#### [WHAT TO WORK ON]
Images are not part of the copy; write out the rest of the data exactly as given.
-- PROVIDED DATA follows --
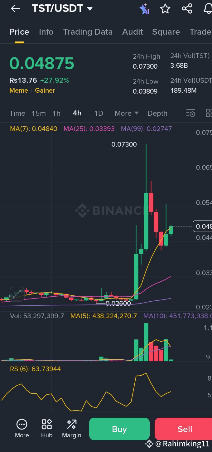 With a trading volume of 3.68 billion TST and over 189 million USDT exchanged, market interest is clearly rising. Technical indicators reflect bullish strength— the RSI is around 63.7, suggesting healthy momentum without being overbought. The moving averages (MA7 at $0.04840 and MA25 at $0.03393) confirm the short-term uptrend.
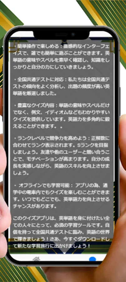 ・ Can be learned offline: Because it is an app, you can enjoy quizzes even on the train while commuting to school. Anytime, anywhere you have the chance to improve your English vocabulary.
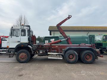 Iveco 330.35, 3 assi, 6×6, mezzo d'opera, anno 1987, cambio Hydrotrans, cassone fisso, trazione anteriore, gommato bene, campana da traino, balestrato, in buone condizioni
-- PROVIDED DATA concluded --
#### [REPLY]
 With a trading volume of 3.68 billion TST and over 189 million USDT exchanged, market interest is clearly rising. Technical indicators reflect bullish strength— the RSI is around 63.7, suggesting healthy momentum without being overbought. The moving averages (MA7 at $0.04840 and MA25 at $0.03393) confirm the short-term uptrend.
 ・ Can be learned offline: Because it is an app, you can enjoy quizzes even on the train while commuting to school. Anytime, anywhere you have the chance to improve your English vocabulary.
 Iveco 330.35, 3 assi, 6×6, mezzo d'opera, anno 1987, cambio Hydrotrans, cassone fisso, trazione anteriore, gommato bene, campana da traino, balestrato, in buone condizioni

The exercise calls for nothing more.